A jury has gathered in the room behind the law court, and are due to announce their verdict, but are hindered by the stoical refusal of one member, who is deaf, to append his ear-trumpet to his ear and so respond to their summons. His verdict is key to their adjudication, and they physically assail him with evidence of the passing of time, gesturing at fob watches and beseeching him with expressions of frustration and concern.
O'Neill's painting belongs to a strong tradition of genre painting which probed the workings of the establishment. In an age when social and political legislation intensified, and public services were overhauled, the spectre of authority became more present in the life of civilians. The guardians of public welfare - whether in education, the church or the law - appeared in literature and art alike, and the occasional hypocrisy within these institutions was exposed. Whilst Hogarth, Rowlandson, and Gilray were explicit in their satire, nineteenth-century painters wove satire more subtly into narrative painting.
O'Neill adheres particularly to the example of Wilkie and Mulready. Both artists made scenes from everyday life an appropriate subject for exhibited art. Their native tact was sometimes tempered with more derisive humour. Here O'Neill turns his attention to the public themselves, rather than the legal establishment. Although both admirable and necessary, the practical shortcomings of gathering together a disparate group to adjudicate a case are made evident in O'Neill's representation.
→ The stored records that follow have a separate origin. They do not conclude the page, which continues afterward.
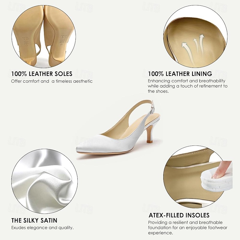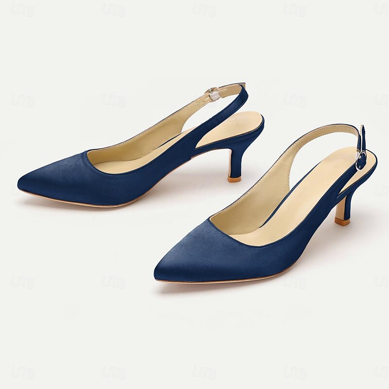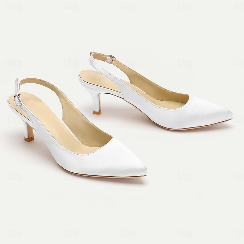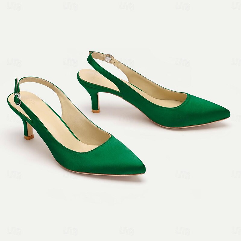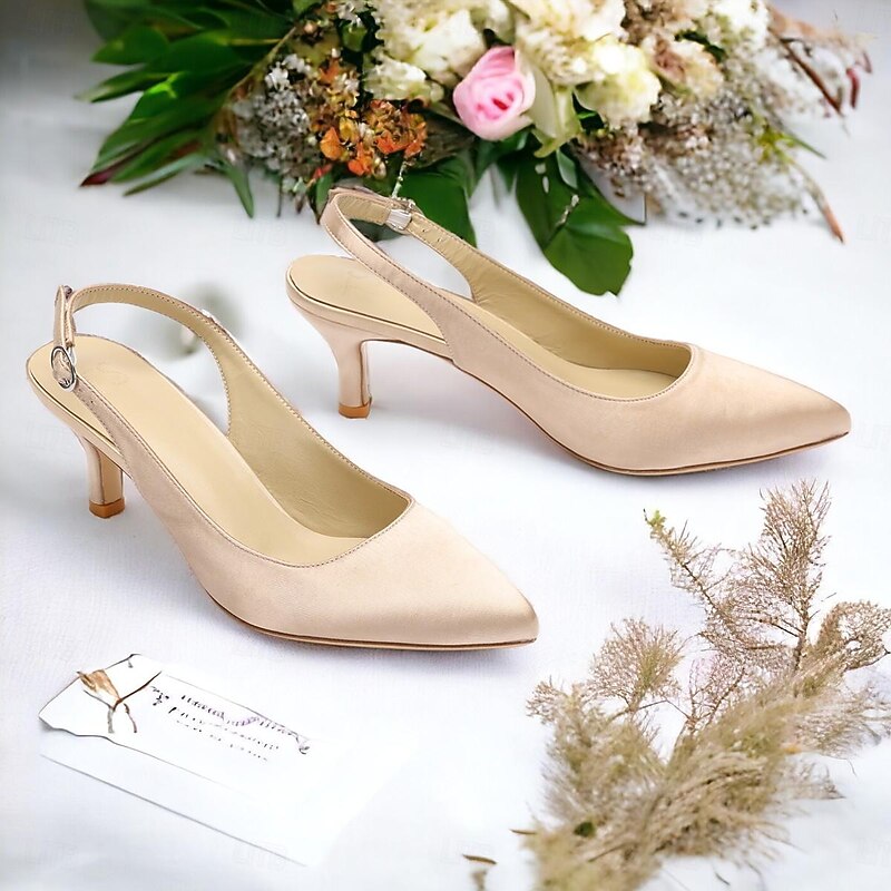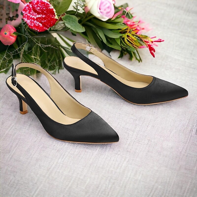 Highlights [Fabric] Crafted with smooth satin for a luxurious finish, these women's heels offer a refined look. The lining is made from 100% leather, ensuring a comfortable and breathable experience, while the outsole is also crafted from 100% leather for durability and support. [Silhouette] The pointed toe design of these shoes creates a sleek and sophisticated silhouette, complemented by a kitten heel that provides a subtle lift, offering a perfect blend of elegance and comfort suitable for long hours of wear. [Design Highlights] Featuring a classic slingback design, these shoes come with an adjustable strap for a personalized fit. The low heel, combined with the pointed toe and elegant satin, makes these shoes an ideal choice for those seeking understated sophistication with a touch of modern flair. [Occasions] Perfect for weddings, office events, parties, and other formal or semi-formal occasions. These versatile shoes add a splash of elegance to any outfit, making them a staple for festive events and professional gatherings alike. [Size Range] Available in a variety of colors including White, Black, Dark Blue, Dark Purple, Champagne, Ivory, and Dark Green. The shoes come in sizes ranging from US5 / EU35 / UK3 to US13 / EU43 / UK11, ensuring a perfect fit for a wide range of foot sizes.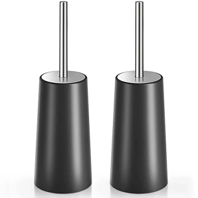 IXO Toilet Brush and Holder, 2 Pack with 304 Stainless Steel Long Handle, Bowl for Bathroom Ergonomic, Elegant,Durable (Black)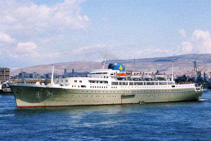153-метровый лайнер MTS Oceanos был построен в 1952 году для компании Messageries Maritimes на французском судостроительном заводе Forges et Chantiers de la Gironde в Бордо. Первые несколько лет он ходил на линии Марсель — Мадагаскар — Маврикия под именем Jean Laborde. После его называли Mykinai, Ancona, Eastern Princess. В 1976 году он было зарегистрирован в Греции под именем Oceanos.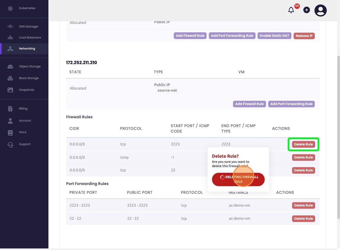 Delete Firewall/Port Forwarding Rules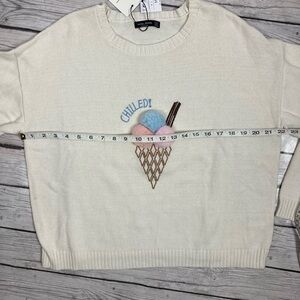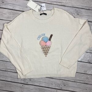 Cute cream colored sweater embellished with an Ice Cream Cone.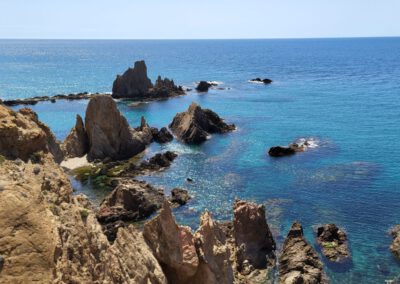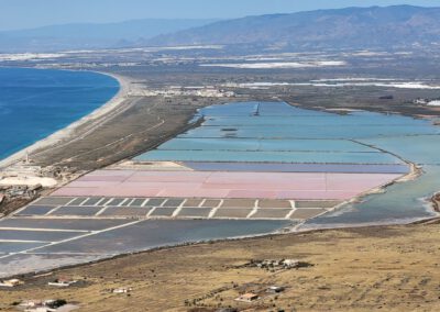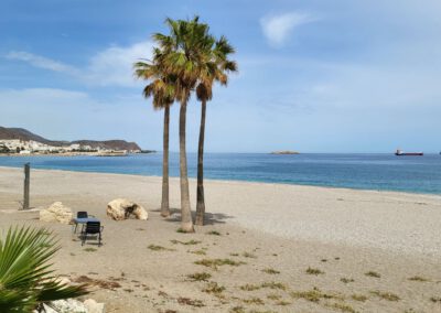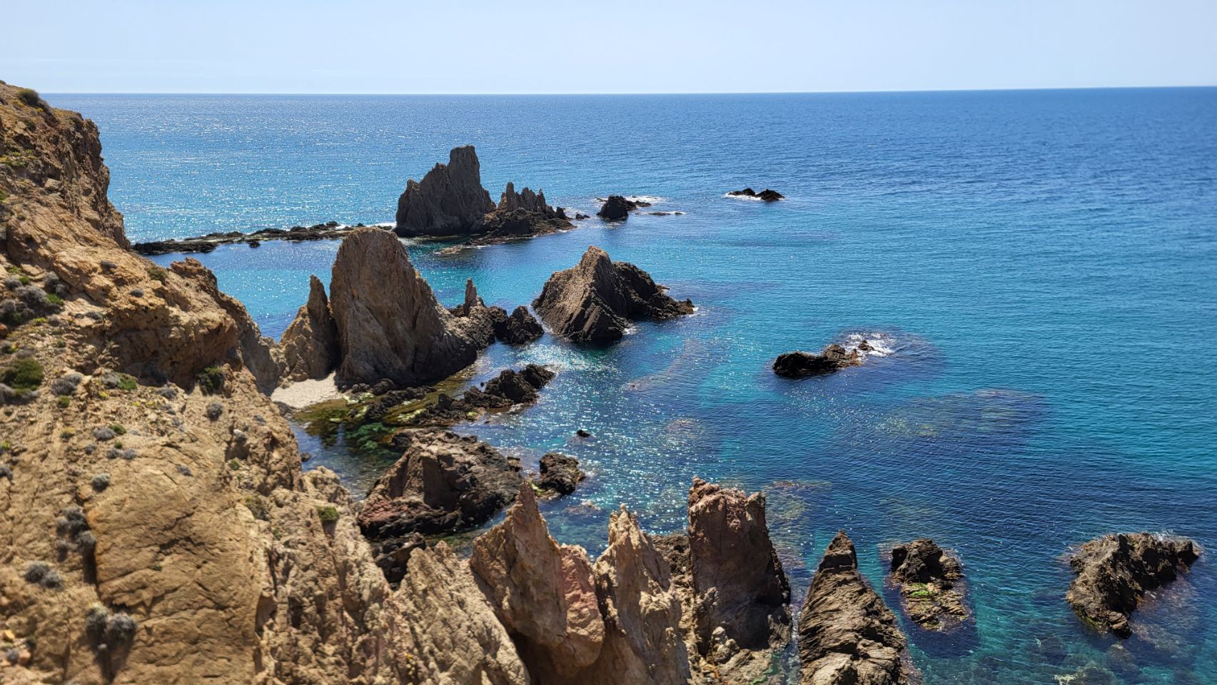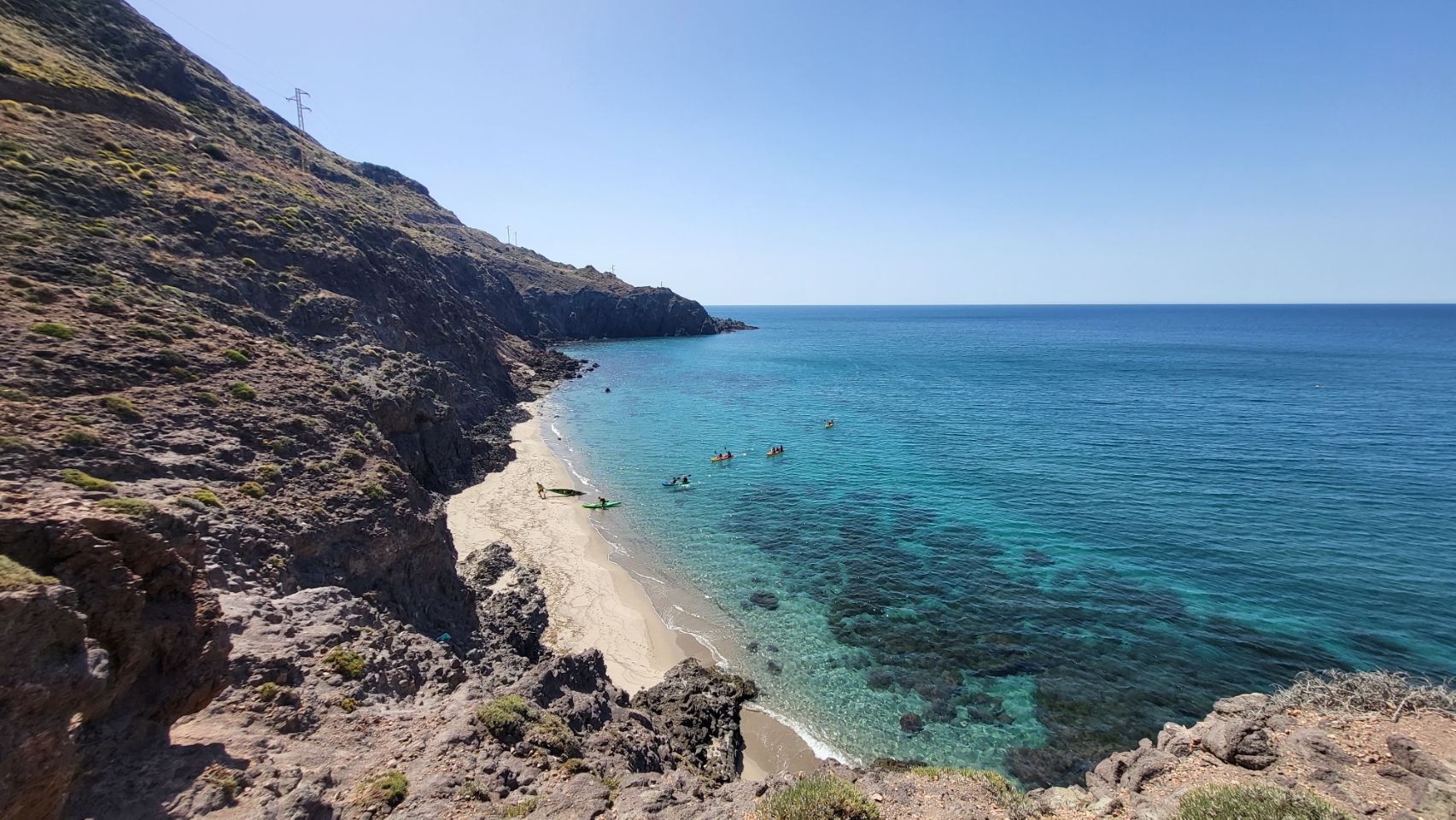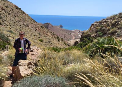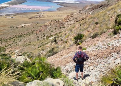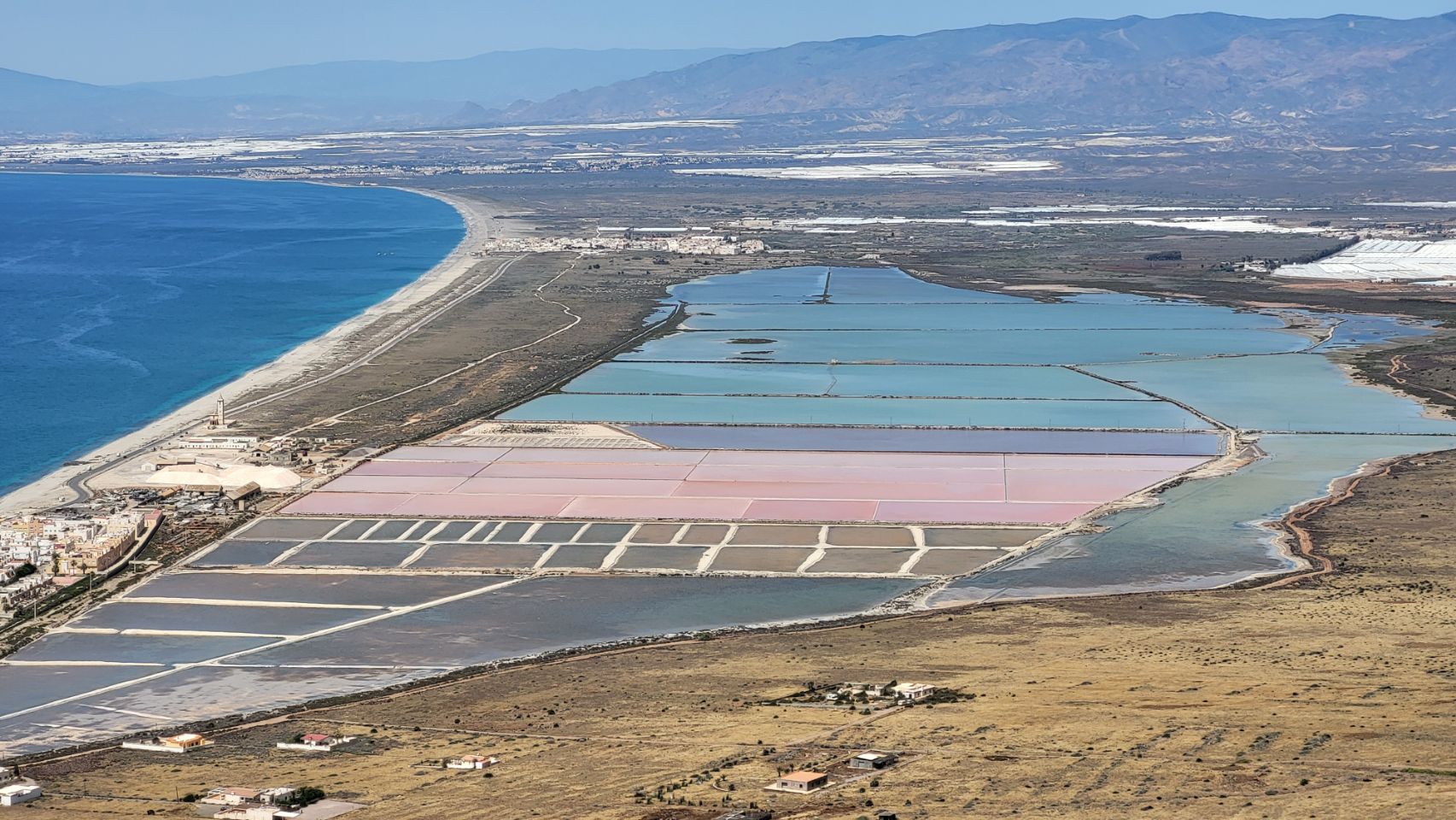 Het water is overigens lekker om te zwemmen, maar voor snorkelen toch wel koud. We drinken een koffie en gaan terug via een pad door de vulkaanbergen. Dat blijkt nog een behoorlijke uitdaging. Het pad is steil en vol losse stenen. Moeilijk te zien ook, maar de navigatie houdt ons op de juiste route. Eenmaal boven hebben we een fantastisch uitzicht op de de zoutpannen. We hebben flink wat hoogtemeters gemaakt en die moeten dus ook weer naar beneden. Op de fiets altijd fijn, lopend een stuk minder. Maar wij houden wel van een beetje klauteren en stappen zo veel mogelijk via de ruwe grotere lavakeien naar beneden. Het is behoorlijk warm geworden en beneden duiken we weer in zee voordat we terug fietsen naar ons dorp. ’s Avonds gaan we wat hotels en treinen boeken op het traject dat we gisteren hebben bepaald. Maar de trein vanuit Almerîa een stuk noordwaarts tot in de bergen is niet te boeken, vol. Daarna kan ook niet omdat er vanwege werkzaamheden bussen worden ingezet. Geen kans dus op vervoer met de fiets, we moeten ons hele plan omgooien en gaan verder via de kust. We gaan daardoor wel een mooie route door de bergen missen helaas.

Like Dickens and Trollope, O'Neill obtains his comic effect by emphasising variety of human type: the contrast between the sleepy defector and more didactic others, for example. The picture's irony derives from the fact that such chaos can exist behind the doors of the most august of institutions.
The picture was atypical for the artist, whose work usually exhibits a defiantly pretty, even nostalgic, aesthetic. O'Neill was a member of the Cranbrook Colony, an informal group who spent summers working in this Kent village. Often featuring women and children clad in historical dress, their art depicted the beamed interiors of Tudor houses local to the area, and has remained consistently popular.
A Jury demonstrates O'Neill's expertise as a painter of detailed interior scenes, evoking the Dutch Masters. He creates a varied perspective by incorporating angles and a doorway. The light is gentle and pertinent, falling upon the central figure of the procrastinator.
This robust character raises a more serious, general, point. In his failure to deliver a verdict, or respond, he represents in wider terms the dissenter within a council. By exaggerating the expressions of his companions - who rely upon visual effect - O'Neill highlights the tension that can prevail between group and individual in any context.